「なるほど、事情は分かった」

 長話になるだろうと、途中ギルスは紅茶を入れてくれた。

 話を聞き終わるとすっかり冷めてしまったミルクと砂糖をたっぷりと入れた紅茶を一口飲んで言う。

 ムツヤ達は裏ダンジョンの事、キエーウがそこで手に入る裏の道具を狙っていること全てを話した。
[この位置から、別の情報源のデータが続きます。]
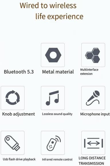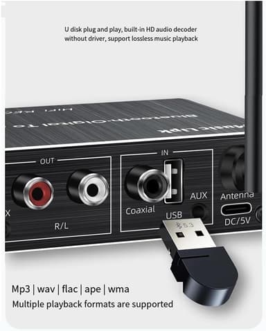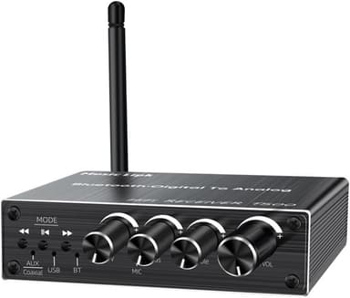 NÖRDIC Bluetooth 5.3 Audio Vastaanotin on monipuolinen sovitin, joka tukee Bluetooth-vastaanottoa, USB-muistipalvelua ja mikrofonisisääntuloa. Useiden sisääntulo- ja lähtömahdollisuuksien, kuten 3,5 mm AUX ja RCA, avulla se tarjoaa vakaan langattoman äänikokemuksen jopa 15 metrin etäisyydeltä.Tekniset tiedot:

「到底信じられない話だが、論より証拠ってか。本物の魔剣や見たこともない魔道具を見せられたら信じるしかないわな」

「そこでだ、お前にはこの裏の道具の研究を頼みたい」

 アシノの言葉にギルスは首を横に振る。

「お断りだ、俺はただの武器屋の店主。研究なんてバカバカしくて出来っこないね」

「もー! なんでよー!」

 ルーはむくれて地団駄を踏む。次に話し始めたのは意外にもモモだった。

「ギルス、頼む。キエーウは裏の道具を使って亜人を殺そうとしている」

 真面目にそう言われるとギルスも腕を組んで少し唸ってしまう。そして唐突に口を開く。

「それじゃあ…… 俺の昔話もちょっとして良いか?」

「俺が昔、王都で研究員をしていた事は知っているかな?」

「はい、アシノさんから聞きました」

 ムツヤは相づちを打つ、片目を開けてギルスはムツヤを見るとそのまま上を向いて話を続ける。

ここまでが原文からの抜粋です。